His intention was to produce a "modern American poem" and he describes how he set about the task. First, he consulted scholarly editions to establish what in his view was a literal prose translation, ignoring gaps in the resulting text or filling them from the imagination. Then "began the real work of raising the language to the level of English verse". The result is a seamless text in rhythmic modern language.

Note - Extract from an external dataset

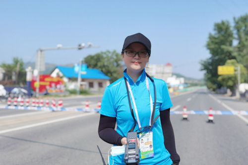 2021年7月中旬,体育与健康课程中心的洪岩秀老师被借调到十四运会组委会大型活动部开闭幕式保障组工作,负责全运会开闭幕式演员排练对接、场地时间协调、服装用车、志愿者、餐饮等各项需求保障事务工作。

Mitchell knows what presses the right buttons in the mass market, playing to those who wish to be titillated but not offended ("She stripped off her robe and lay there naked,/with her legs apart, touching herself", literally "She let loose her skirts and bared her sex"). I found Mitchell's poem strangely unmoving. Too often, bland paraphrase ousts the more expressive vocabulary of the original ("This is the last time, Urshanabi,/that you are allowed to cross the vast ocean/and reach these shores", literally "May the quay reject you, Urshanabi, and the ferry scorn you!/You who used to walk this shore, suffer absence from it now!"). This version does not compete for pathos, beauty and vividness with freer adaptations by poets such as Herbert Mason, David Ferry and Derrek Hines.
As an exercise in the translation of ancient poetry, The Literature of Ancient Sumer , an anthology of Sumerian literature by the late Jeremy Black and his colleagues, could not offer more of a contrast. Here are 71 texts in the plainest of prose translations, prefaced by a detailed introduction to Sumerian poetry as literature. The selection is garnered from the even larger anthology placed online at the website of Oxford University's Electronic Text Corpus of Sumerian Literature. Most of the 71 compositions have never appeared in print outside academic journals and scholarly monographs. Some are translated into English for the first time.
The richness of the Sumerian literary corpus is fully evident: narrative poetry of mythological content, heroic adventure (epic), love poetry, praise poetry, hymns and prayers, proverbs, contest poetry and moralising literature. Though the texts are nearly 2,000 years old, the vividness of their language comes across in these literal translations: an army "winds its way through the hills like a snake over a grain-pile"; soldiers crowd around a reunited comrade "exactly as if they were small birds flocking together"; slingstones fall on the besieged "numerous as the raindrops falling in a whole year". This anthology successfully provides a taste of Sumerian literature on a scale never previously attempted. As an academic resource it opens up a previously impenetrable field and will be used in a wide range of university courses. It deserves a wider readership too.
Andrew George is professor of Babylonian, School of Oriental and African Studies, University of London. He has translated the epic of Gilgamesh for Penguin Classics and published a critical edition of the text for Oxford University Press.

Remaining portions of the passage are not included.